To the end of her 84 years, she was deliberate and eloquent. She never forgot her dead; her choices were controlled; she did nothing by accident."


Tamara Bunke Bider
From the Times Online - Haydee Tamara Bunke Bider: the woman who died with Che Guevara

"Her name was Tania and she died in a hail of bullets on the run with Che Guevara. But who was this captivating and mysterious Mata Hari who was buried next to him?


Heidi Tamara Bunke Bider, alias Laura Guttierez Bauer, Maria Aguilera or Laura Martinez, a.k.a. Tania la guerillera, was born in Buenos Aires in 1937. She was the daughter of a Polish jewess and a German who emigrated to Argentina to escape nazi persecution but returned to Germany after the war.

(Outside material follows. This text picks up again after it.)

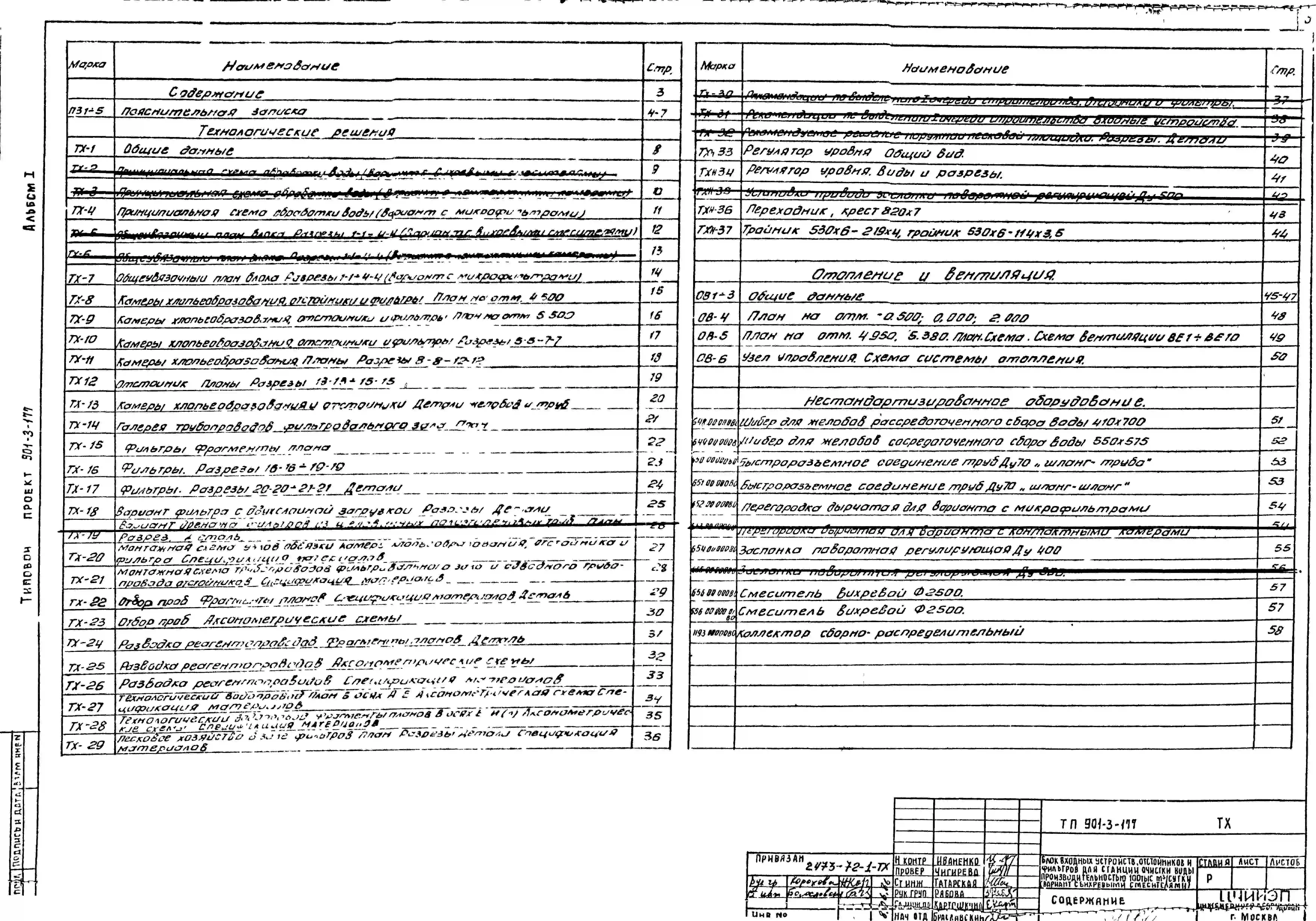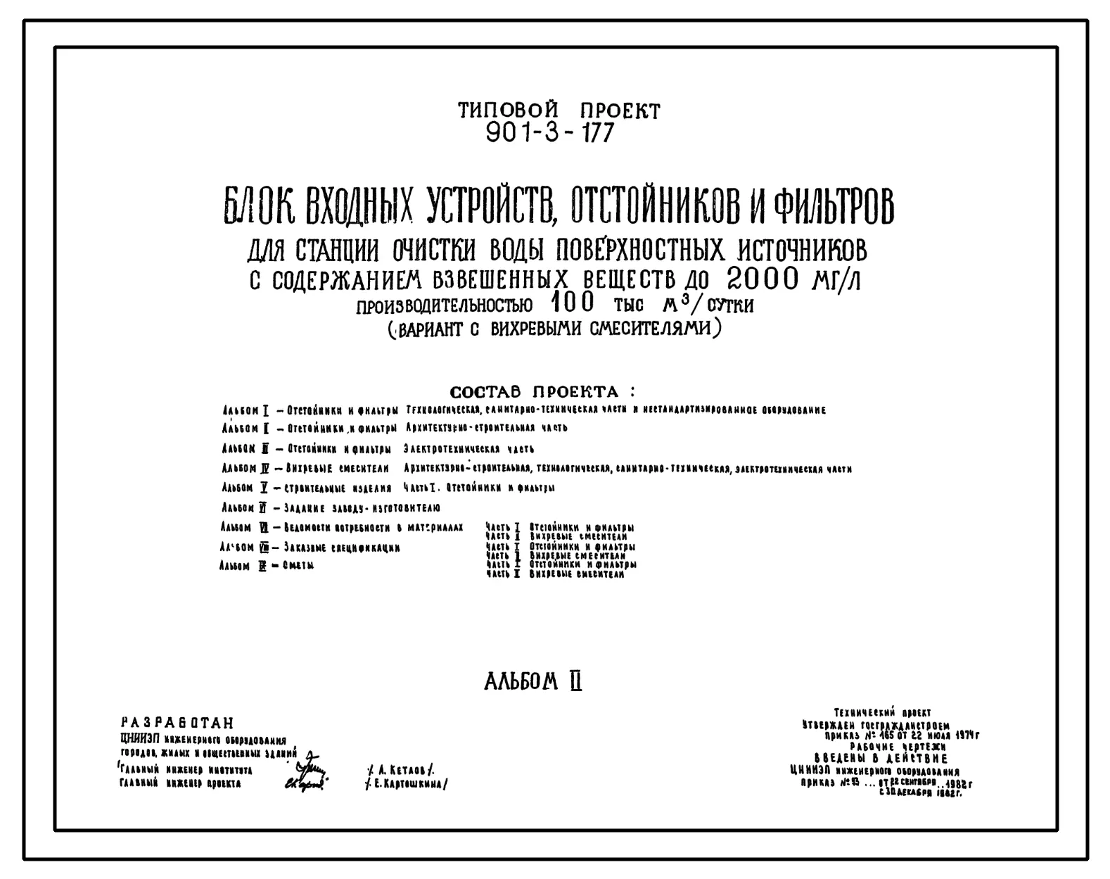 Типовой проект 901-3-177 Блок входных устройств, отстойников и фильтров для станции очистки воды поверхностных источников с содержанием взвешенных веществ до 2000 мг/л производительностью 100 тыс.м.куб./сутки (вариант с вихревыми смесителями)
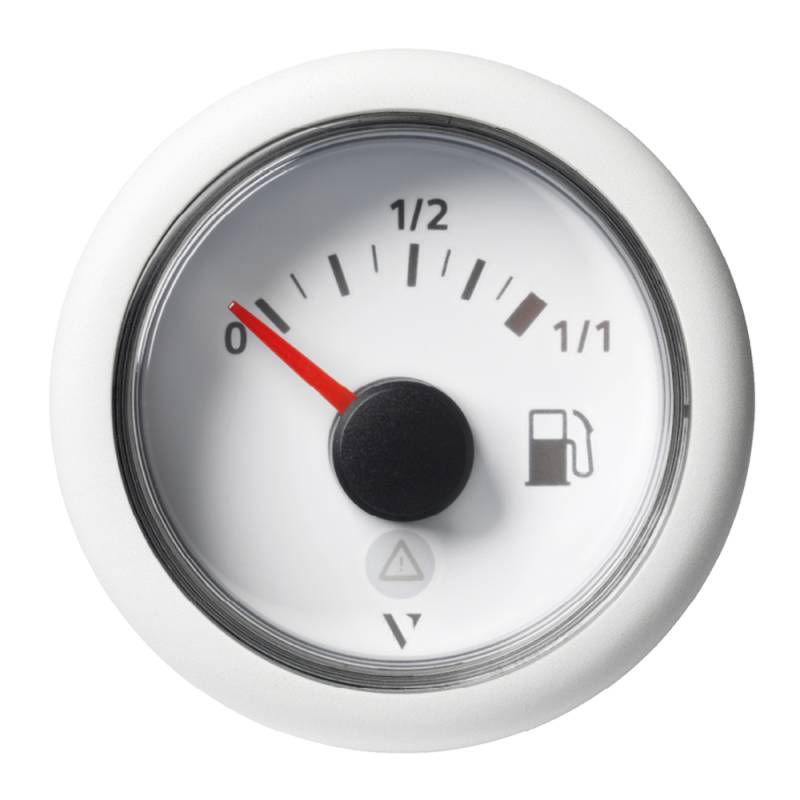 52mm (2-1/16") ViewLine Fuel Tank Level Gauge - 0 to 1/1 - White Dial & Round Bezel

During the 1950s, Tania studied political science at the Humboldt University in East Berlin. After graduating, she began working for the East German Stasi where she took on several espionage missions. Back in East Germany in 1960, Tania met Che Guevara. He was visiting East Germany with a Cuban trade delegation and Bunke Bider worked as an interpreter during the Youth Festival. Two years later , she moved to Cuba.

In 1964, Guevara requested her to infiltrate Bolivia as a mole. In the guise of an earnest pharmaceutical student, she managed to infiltrate the private circle of the presidential palace. Once Che was in Bolivia, she served as liaison officer for the guerillas.

On August 31, 1967, Bolivian soldiers ambushed the group while they were crossing the Rio Grande at Vado del Yeso, and killed Bunke and eight fellow communist guerrillas. Bunke Bider’s body was swept away in the river; Bolivian soldiers found it on September 6, and she was buried the next day."